Ohio Turnpike aims to curb opioid overdoses with naloxone availability at service plazas
In a proactive effort to address the ongoing opioid overdose crisis, the Ohio Turnpike and Infrastructure Commission has announced the availability of naloxone nasal spray at all 14 service plazas along the 241-mile toll road. The move aims to provide immediate access to this lifesaving medication in the event of a medical emergency caused by an opioid overdose.
Naloxone, commonly known by its brand name Narcan, is a medication that can effectively reverse an opioid overdose. This includes overdoses caused by heroin, illicit fentanyl, and prescription pain medications. By blocking the dangerous effects of opioids on the brain, naloxone restores consciousness and normal breathing patterns.
According to the Cleveland Clinic, prescription opioids account for approximately 25% of all opioid overdose deaths, with nonprescription opioids contributing to the remaining 75% of fatalities. In light of these alarming statistics, the statewide deployment of emergency-access naloxone cabinets at public facilities, including the service plazas on the Ohio Turnpike, is a crucial component of Governor Mike DeWine’s RecoveryOhio initiative. This initiative aligns with the Ohio Department of Health’s Project DAWN (Deaths Avoided With Naloxone), which seeks to expand naloxone access through enhanced distribution efforts.
Governor Mike DeWine emphasized the significance of quick intervention during overdose situations, stating, “In an overdose situation, minutes matter. By providing naloxone at service plazas and to Turnpike employees, we are hoping to save lives and give people a chance to access recovery resources.”

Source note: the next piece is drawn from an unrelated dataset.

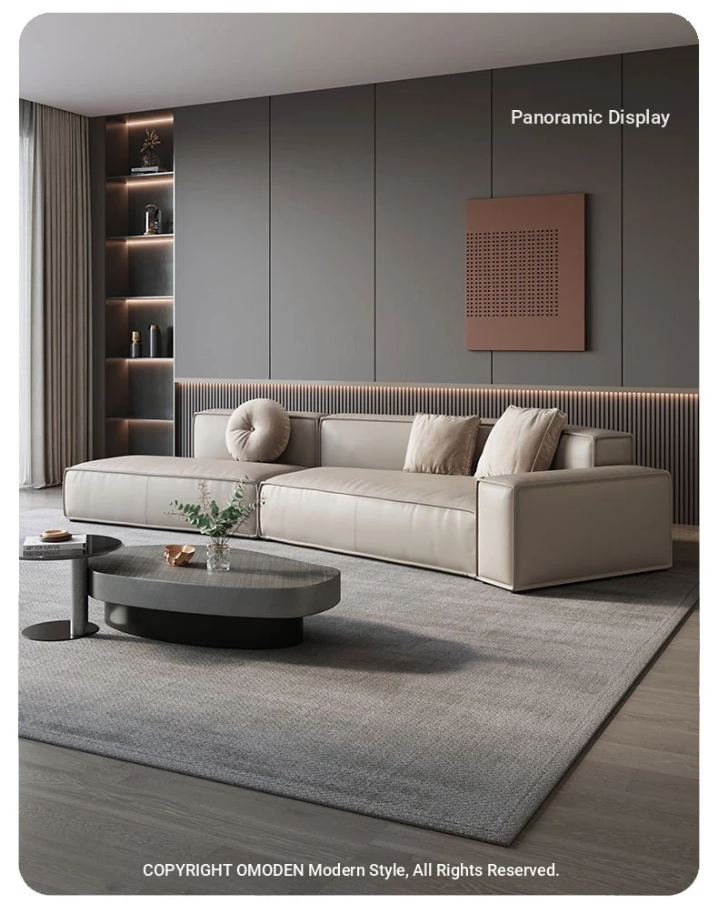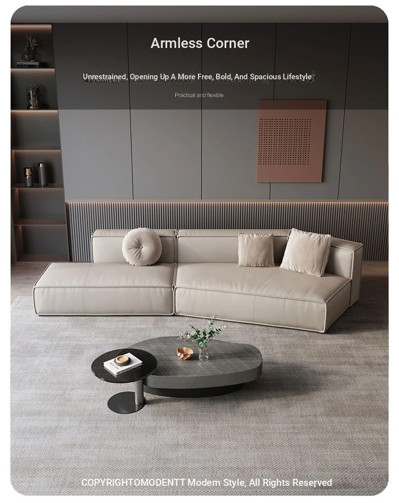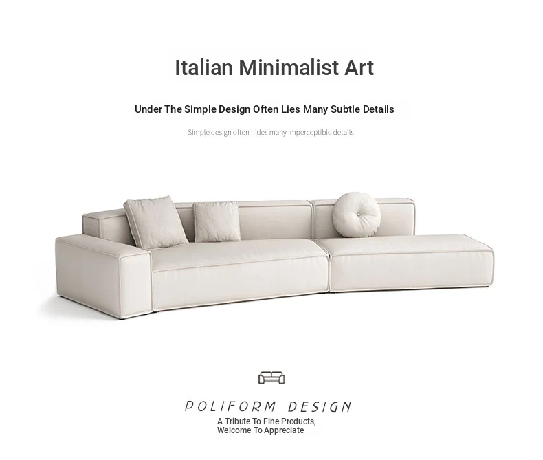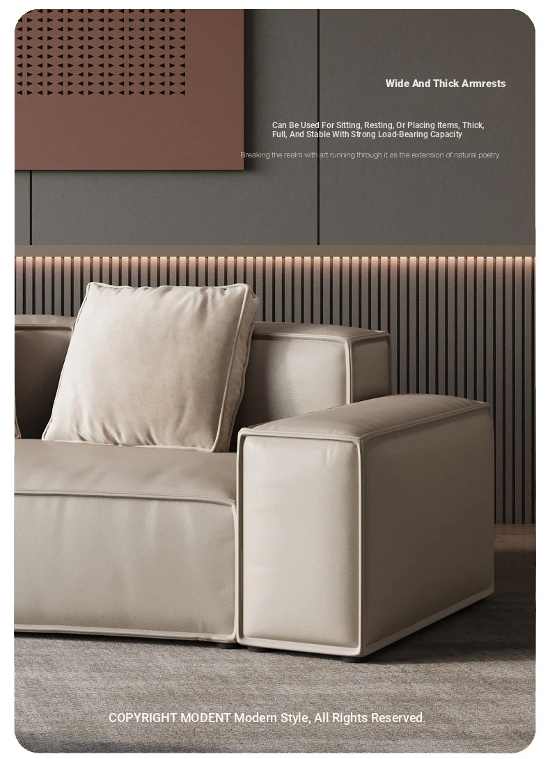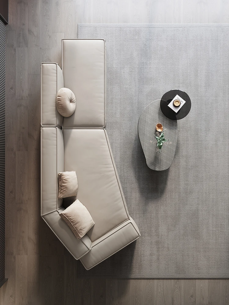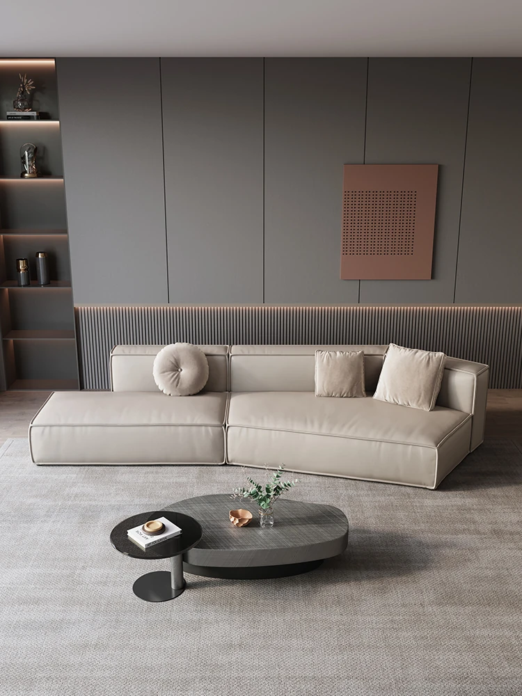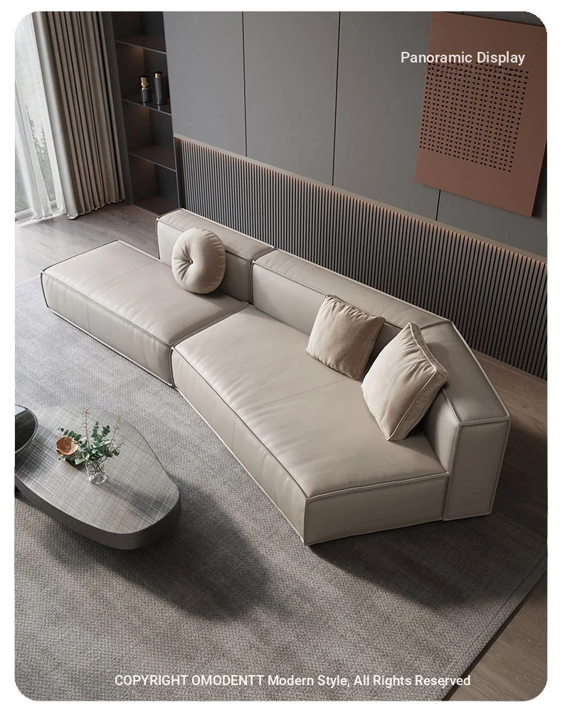 Italian Minimalist Genuine Leather Sofa - Modern Simplistic Design for Living Room, Unique Angular Sectional with Straight and Slanted Blocks, Perfect for Casual Gatherings and Stylish Interiors.
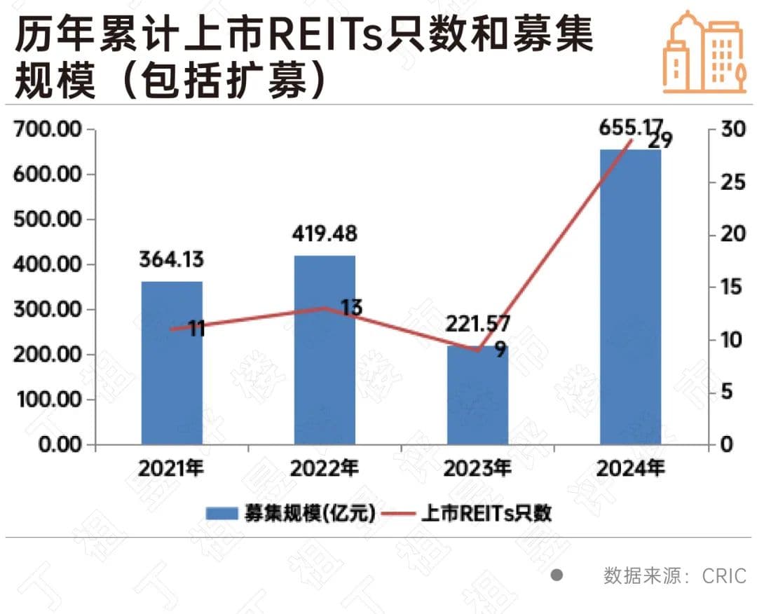 在政策利好不断加码的背景下,截至2024年底,2024年已有29只公募REITs完成了上市,募集资金总额为655亿元,创下了近年来的新高,同时我国公募REITs已上市的总规模也达到了1660亿元。

In 2022 alone, the Ohio Department of Health reported a staggering 4,829 deaths resulting from unintentional drug overdoses statewide. This figure is nearly four times greater than the 1,275 fatalities caused by motor vehicle crashes over the same period, according to the Ohio Department of Public Safety. The implementation of naloxone cabinets at the service plazas aims to empower Ohio Turnpike employees and travelers to swiftly locate and administer naloxone in emergency situations, particularly when encountering individuals experiencing an apparent opioid overdose or accidental exposure.
Ferzan Ahmed, executive director of the Ohio Turnpike commission, highlighted the importance of these measures, stating, “Ohio Turnpike employees and travelers who recognize that an individual requires medical assistance from an apparent opioid overdose or is accidentally exposed to an opioid now have the wherewithal to locate and administer naloxone at our service plazas.”
To further enhance the response to emergencies, all Ohio Turnpike foremen and assistant foremen, often the first on the scene, are equipped with naloxone kits in their maintenance vehicles. Moreover, naloxone kits are readily available at all toll plaza interchanges and eight maintenance buildings spanning the 13 counties traversed by the Ohio Turnpike in northern Ohio.
As part of comprehensive training efforts, nearly 800 Ohio Turnpike employees, including frontline maintenance/roadway workers and service plaza staff, have completed the turnpike commission’s online course, “Saving a Life with Naloxone.” This course provides essential instruction on recognizing the signs and symptoms of an opioid overdose and administering naloxone effectively.
Common indicators of an opioid overdose include unresponsiveness, slow or no breathing, bluish lips or fingernails, choking or coughing, cold or clammy skin, constricted pupils, and dizziness or disorientation.
It is important to note that naloxone poses no harm if administered to a person who is not experiencing an opioid overdose. Emergency medical professionals have safely utilized naloxone for over four decades. As a non-controlled drug with no potential for abuse, naloxone serves as a safe and invaluable tool in saving lives and combatting the devastating opioid crisis.